The research results also provide evidence that late-in-life initiation of or continued engagement in cycling lowers the risk of T2D. When combining the findings with previous studies that have shown it is possible to increase cycling through promotional activities and infrastructural changes, it can be suggested that national and local governments should prioritise resources to promote cycling.
More misguided, misplaced and moronic marvels
Crapper Cycle Lanes is a humorous guide to some of the worst cycle lanes in Britain.

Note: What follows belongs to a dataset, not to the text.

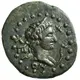 | Reversbeschreibung | Nike advancing left, holding wreath in her right hand and palm frond in her left; to left, monogram. |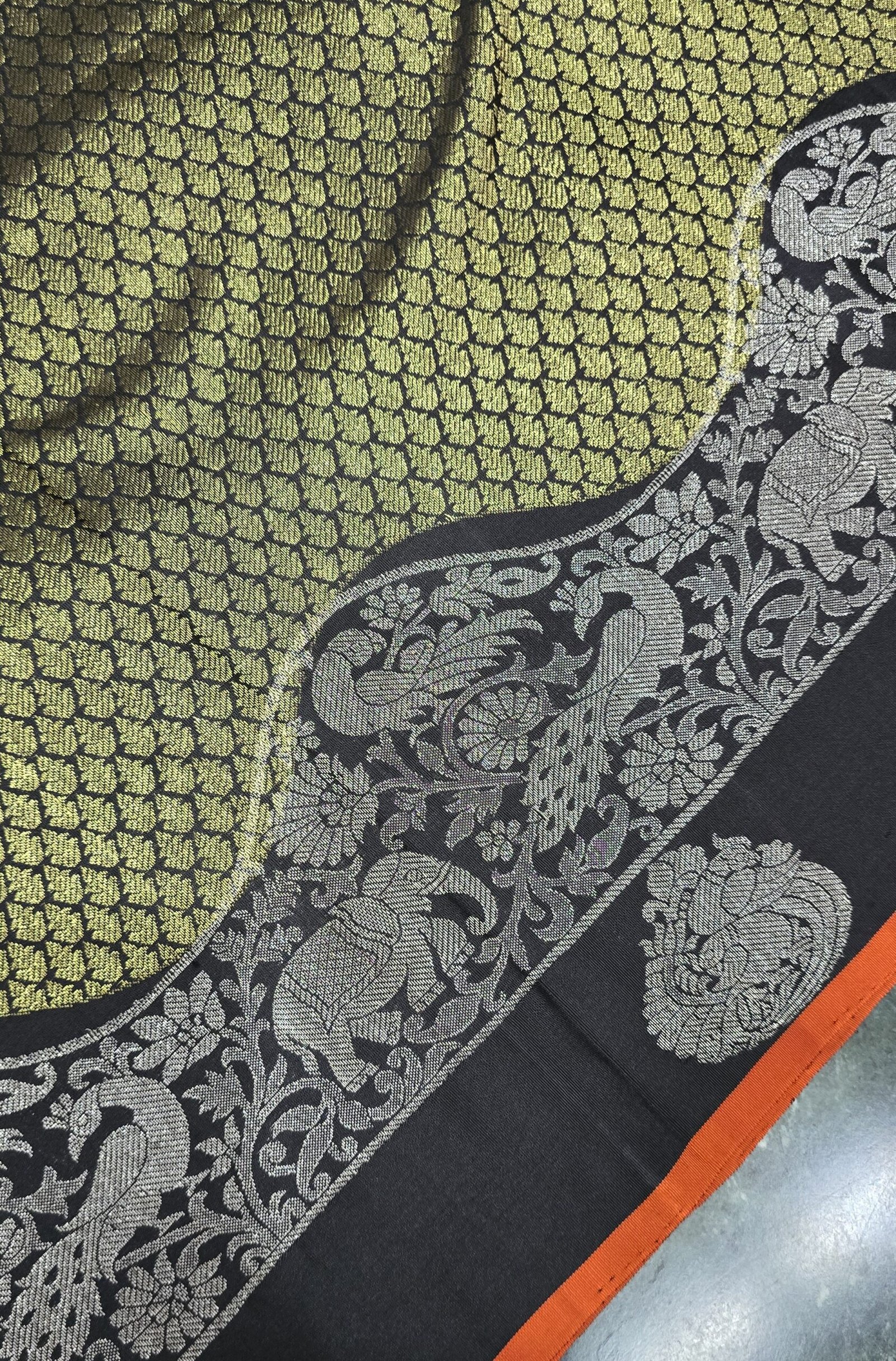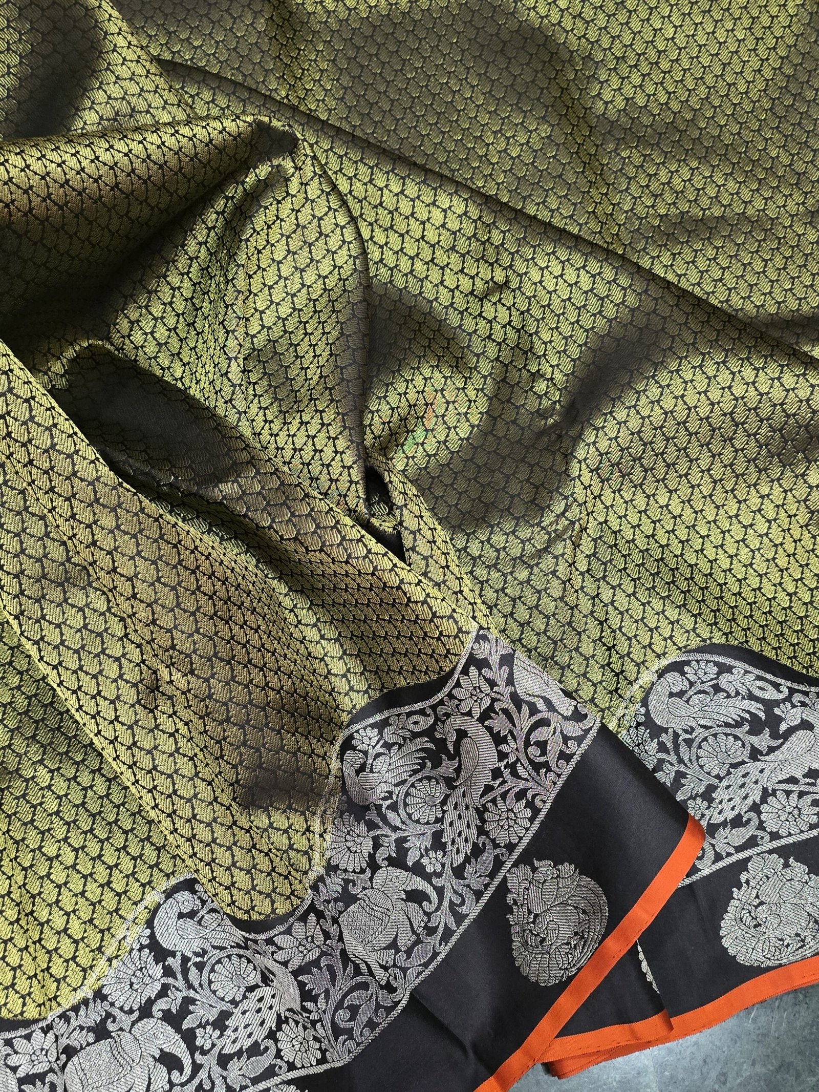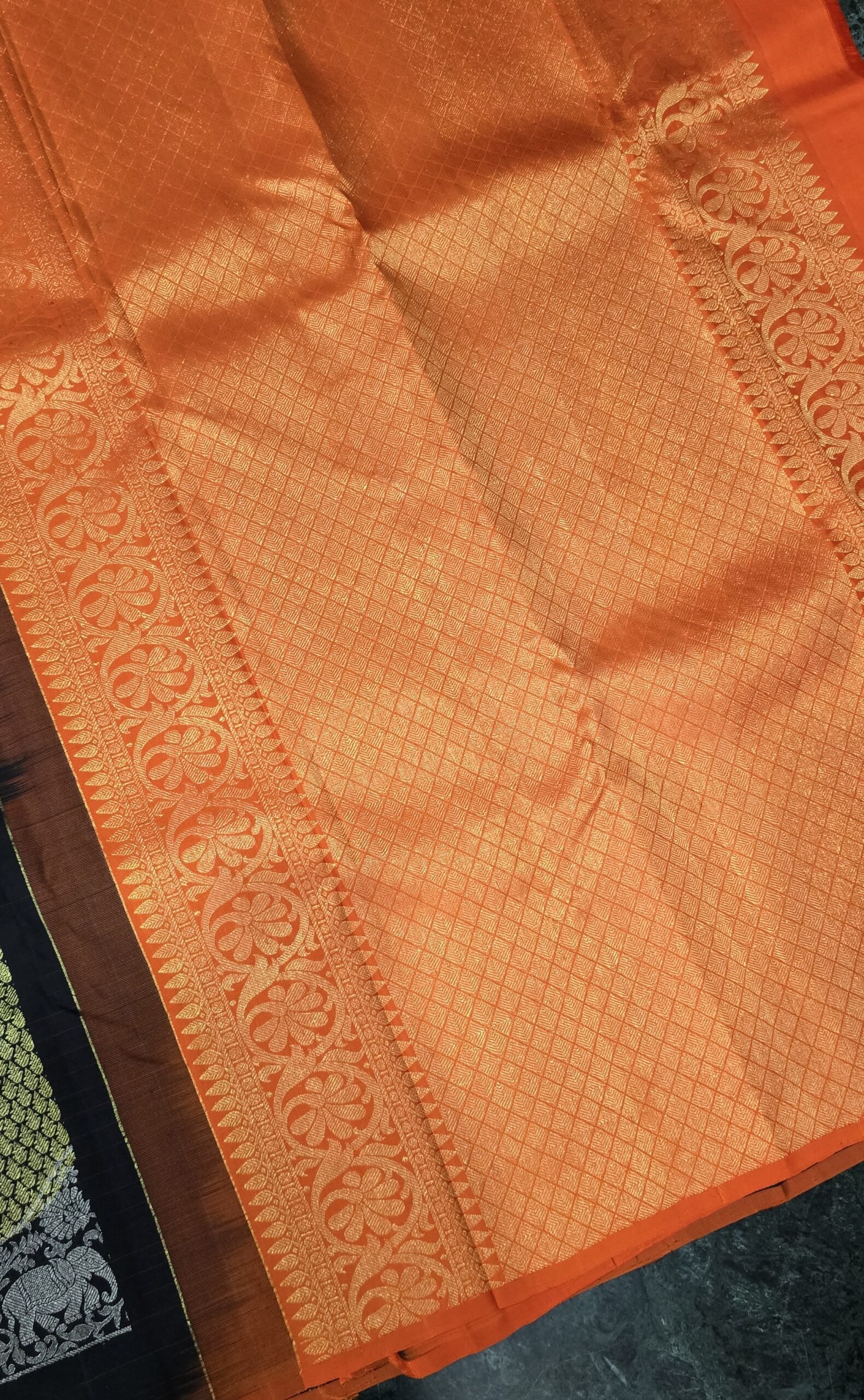Handwoven Kanchipuram silk with bold brocade on the body

Councils around the land are investing your tax money to provide schemes to make cycling an easy and safe choice, as Britain grows in its awareness of its carbon footprint. Crapper Cycle Lanes exposes some of those schemes from the viewpoint of the people who pedal the roads. The practicality, difficulty and danger levels are rated, and a sentence is recommended for the offending council, ranging from a caution, through to an Asbo or for the worst cases, regime change.
Warrington Campaign have followed up their first book “Crap Cycle Lanes – 50 worst cycle lanes in Britain” with this new title which can be obtained from www.warringtoncyclecampaign.co.uk.
Cycle Hub at Nottingham Station
The East Midlands Trains Cycle Hub on the south, i.e. Queen’s Road, side of Nottingham Station has been poorly planned and promoted, according to Nottingham Pedals, with very poor signing of the new facility. Access requires a fob (£10 fee). We understand that a fob for the Loughborough facility will also work at Nottingham.